Полная версия
Сахарная кукла
Соро Кет
Сахарная кукла
Предисловие автора.
Я начала писать эту книгу 13 февраля, 2013 года.
Я точно помню сам день, потому что в тот день мне сделали операцию, я словно заново родилась. Как и обещал анестезиолог, вошла я в ОП на своих ногах, а вышла не в силах поднять руки.
Боли были страшные, и чтобы их заглушить, я стала писать о девушке, которой повезло больше. она так и родилась, с этими самыми штуками, которые мне пришлось вставлять…

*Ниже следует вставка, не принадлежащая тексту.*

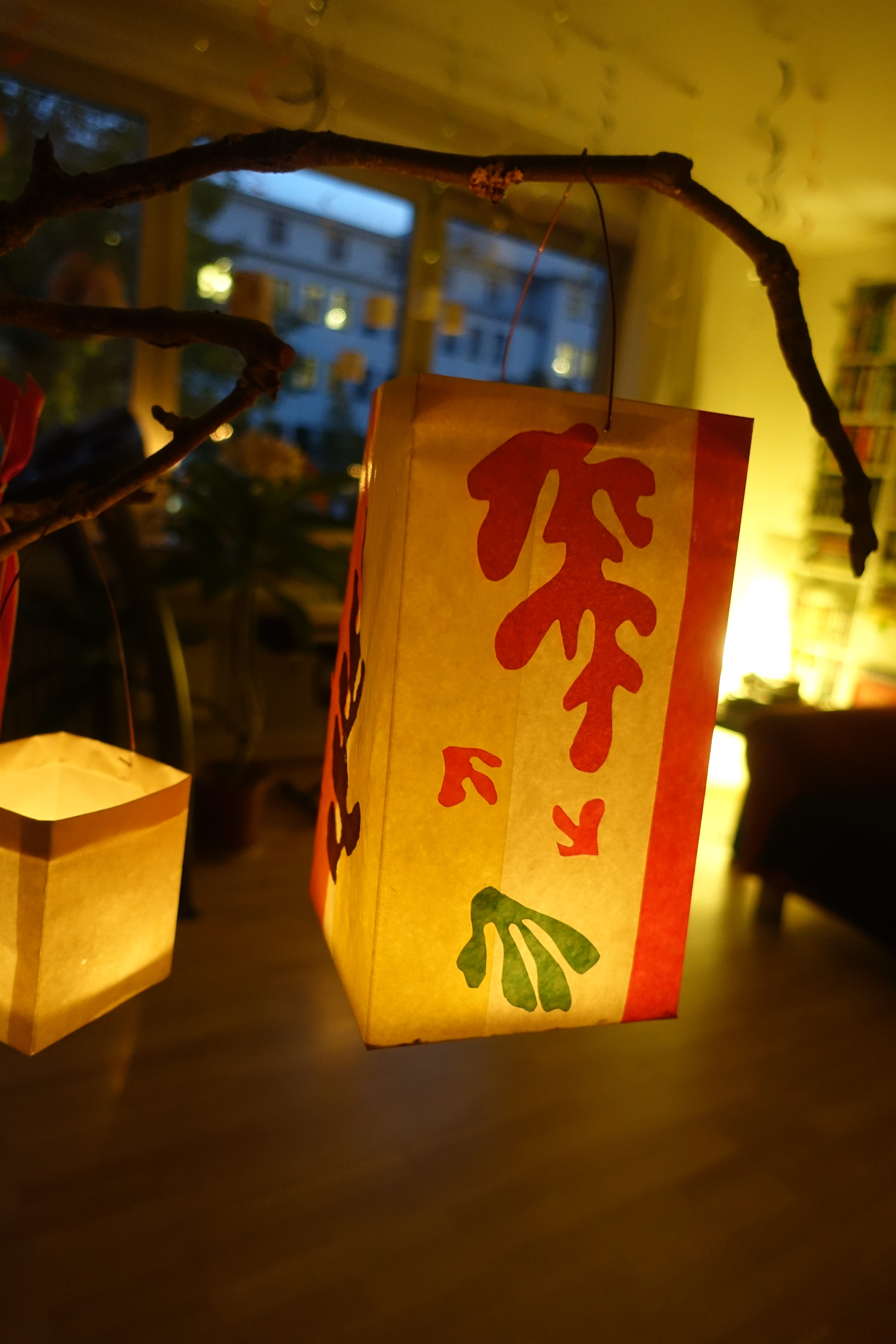 Gross ohne Rahmen Technische Details: Größe 120 mm X 120 mm X 220 mm, aus feuerfestem Papier, Drahtbügel, Gesamt höhe ca. 26 – 30 cm.

Сперва, Верена была простой девушкой и довольно бедной. Филипп – принцем, Ральф – ее двоюродным братом-абьюзером, как говорят сейчас, а Джессика – бывшей няней, которой повезло выйти замуж за богача…
Каждый автор, – по желанию или нет, вкладывает в текст личный опыт. Мой был такой, что большинство женщин прекрасно пережило в реале. И я все думала:
– Дорогая, если ты даже в книге не можешь вообразить, что могла бы быть счастлива, зачем тебе это все? Зачем ты, вообще, что-то пишешь в эту тетрадку?..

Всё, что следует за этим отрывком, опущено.